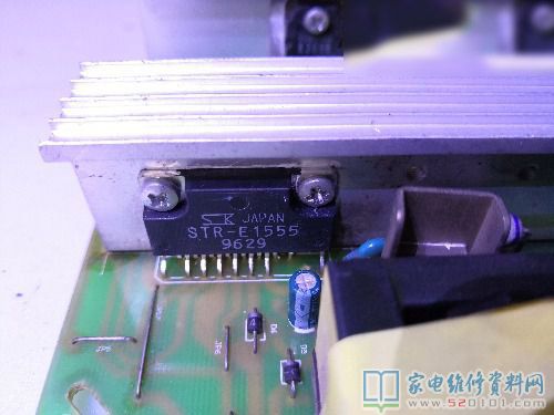 接修一块从同行那里拿过来的这块电源板,他说换了2个35V/1000UF鼓包电容,只有5V,没有12V 24V;我上电检测5V很稳,断电检查12V输出正反向电阻都小,取下整流管和滤波电容,用1K档检测没漏电和软击穿,装好整流管在路测正常,焊上滤波电容再测又短路了,代换掉在路测不再短路(这两个元件同行都拆下来查过),上电依然没12V 24V,找到该机电源板图纸,检查STR-E1555的15脚无工作电压,看图纸该电压从副电源输出,由待机电路控制Q5的导通输出到STE-E1555的15脚,果断短接待机接口到5V,12V24V有了。
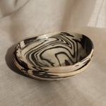A set of two small bowls made of white and dark brown stoneware clay. They are glazed on the inside, while the outside is left unglazed, then fired to 1230ºC
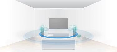 Idealna do mniejszych pomieszczeń technologia S-Force PRO Front Surround wytwarza pole akustyczne wirtualnego dźwięku przestrzennego przy użyciu zaledwie 2 głośników. |
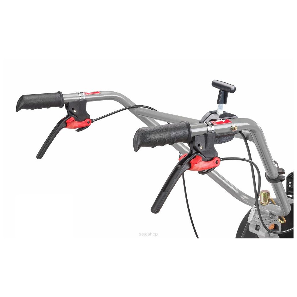 - Na rukojetích jsou páčky pro zapnutí pohonu vpřed a vzad a páka pro nastavení plynu motoru.
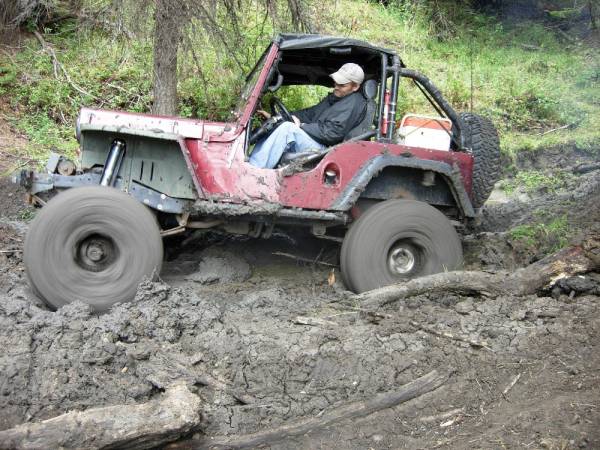 "Here's the series of pics…..That mud was real thick….In the process of rocking it back and forth I was making good progress of getting out….When the front end finally pulled the rear out of the hole, it immediately slid to the left and dropped the left front tire off the little ledge you can barely see in the pics. I had enough momentum and it was enough of a drop that the jeep just slowly flopped on the left side. No damage at all. The cage and tires were the only things that touched ground."
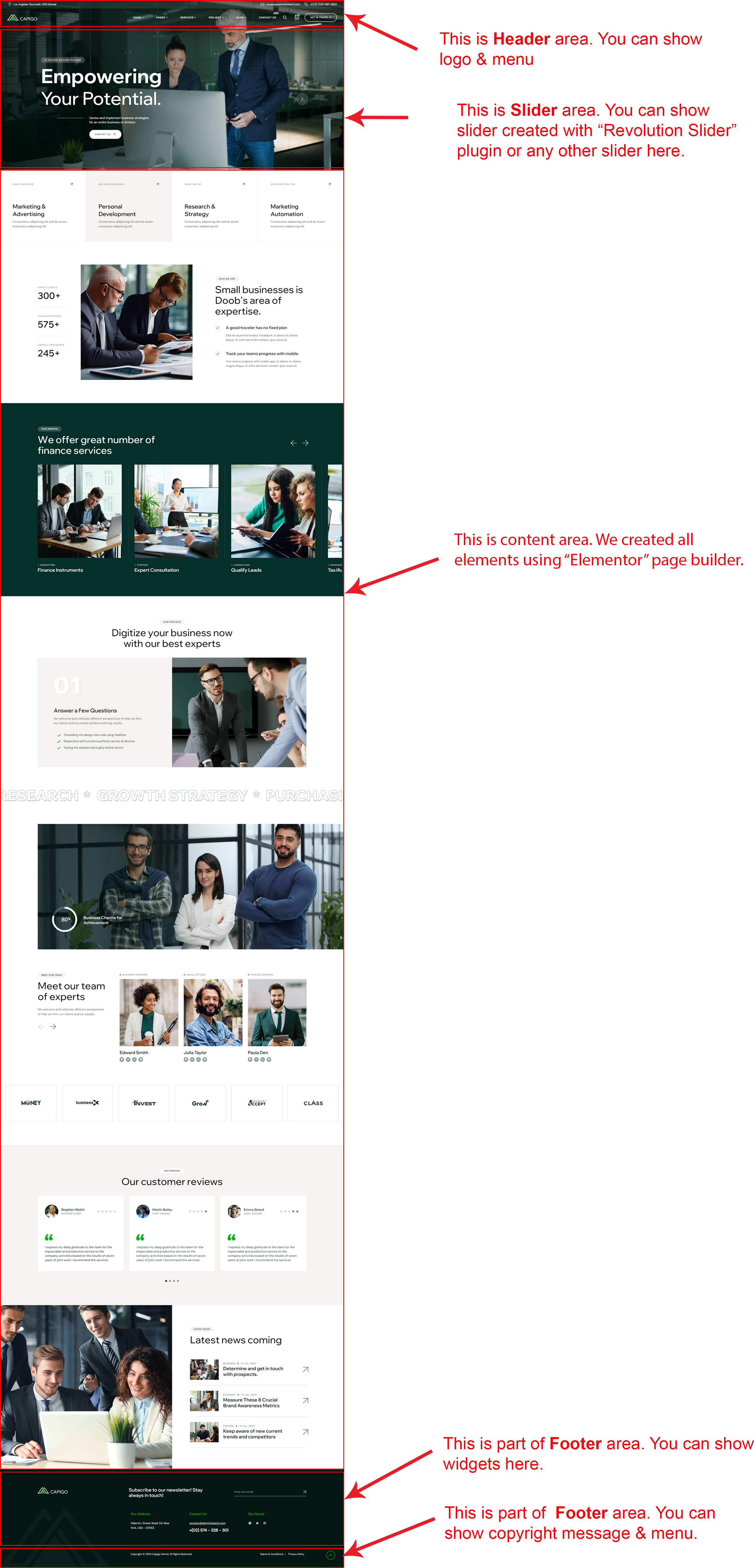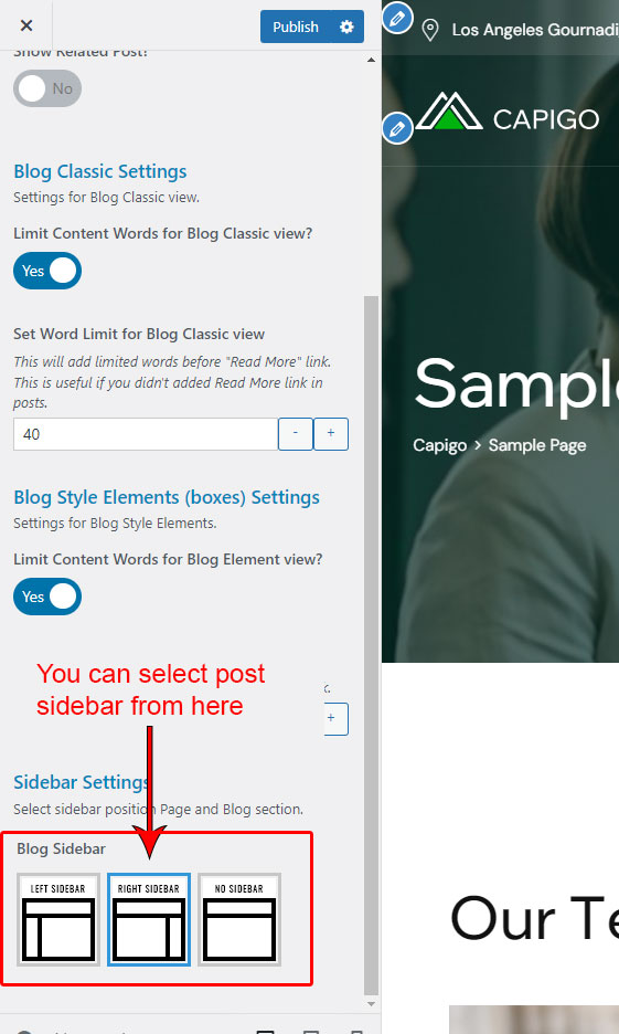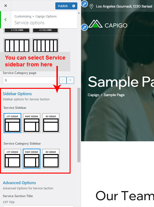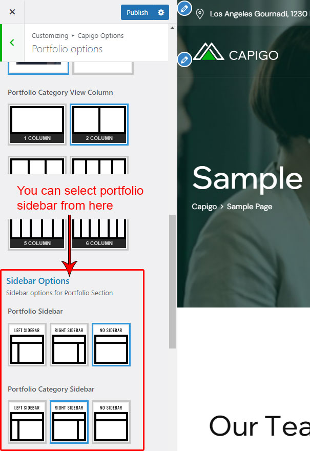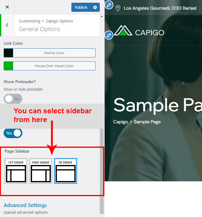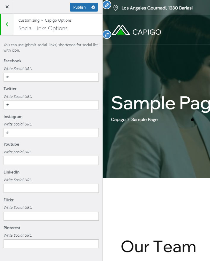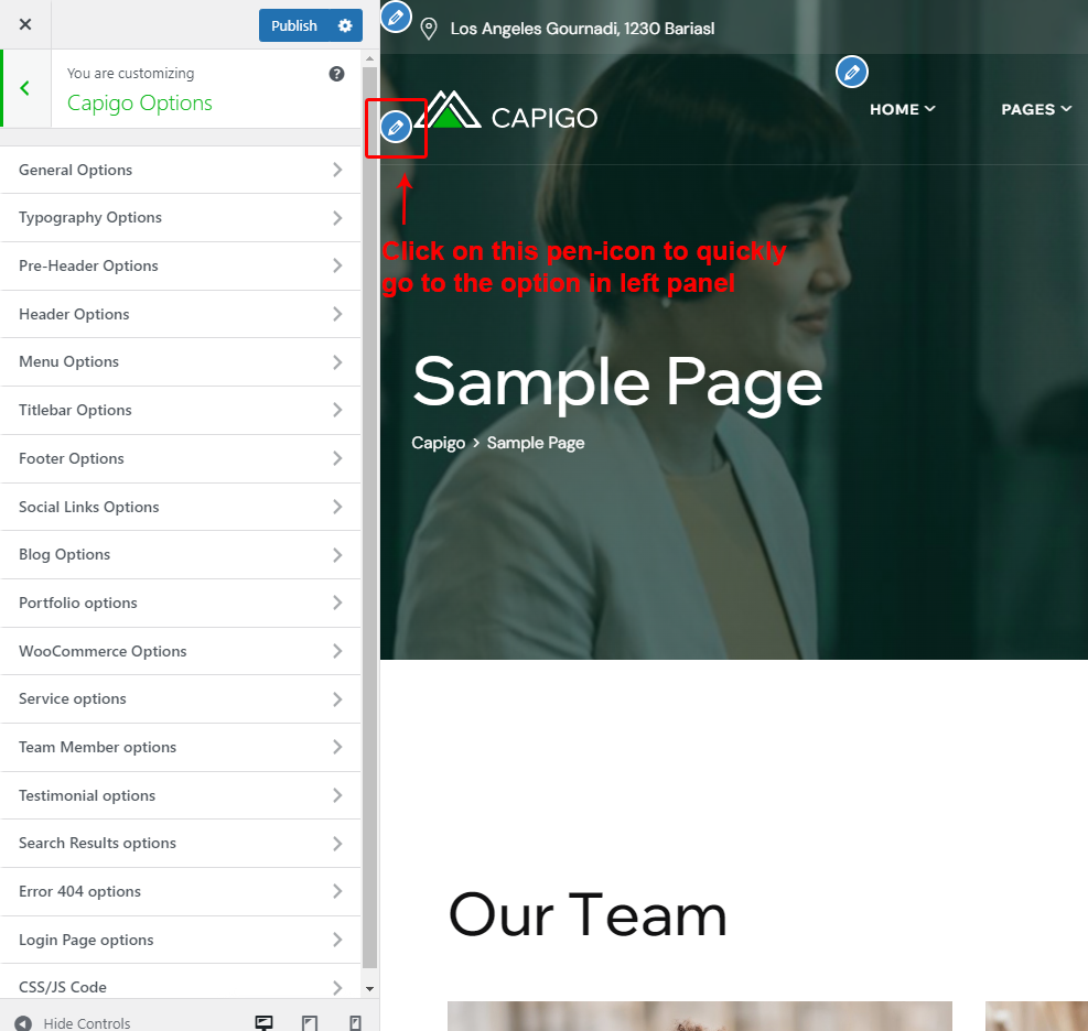 There are different sections in Capigo theme. Here you will find name of each section name so you can find their options easily. You can customize each sections from Capigo Options easily.

Your goal: Images are to be left out when the records above are written out again exactly.

Response area:
 接修一块从同行那里拿过来的这块电源板,他说换了2个35V/1000UF鼓包电容,只有5V,没有12V 24V;我上电检测5V很稳,断电检查12V输出正反向电阻都小,取下整流管和滤波电容,用1K档检测没漏电和软击穿,装好整流管在路测正常,焊上滤波电容再测又短路了,代换掉在路测不再短路(这两个元件同行都拆下来查过),上电依然没12V 24V,找到该机电源板图纸,检查STR-E1555的15脚无工作电压,看图纸该电压从副电源输出,由待机电路控制Q5的导通输出到STE-E1555的15脚,果断短接待机接口到5V,12V24V有了。
A set of two small bowls made of white and dark brown stoneware clay. They are glazed on the inside, while the outside is left unglazed, then fired to 1230ºC
 Idealna do mniejszych pomieszczeń technologia S-Force PRO Front Surround wytwarza pole akustyczne wirtualnego dźwięku przestrzennego przy użyciu zaledwie 2 głośników. |
 - Na rukojetích jsou páčky pro zapnutí pohonu vpřed a vzad a páka pro nastavení plynu motoru.
 "Here's the series of pics…..That mud was real thick….In the process of rocking it back and forth I was making good progress of getting out….When the front end finally pulled the rear out of the hole, it immediately slid to the left and dropped the left front tire off the little ledge you can barely see in the pics. I had enough momentum and it was enough of a drop that the jeep just slowly flopped on the left side. No damage at all. The cage and tires were the only things that touched ground."
 There are different sections in Capigo theme. Here you will find name of each section name so you can find their options easily. You can customize each sections from Capigo Options easily.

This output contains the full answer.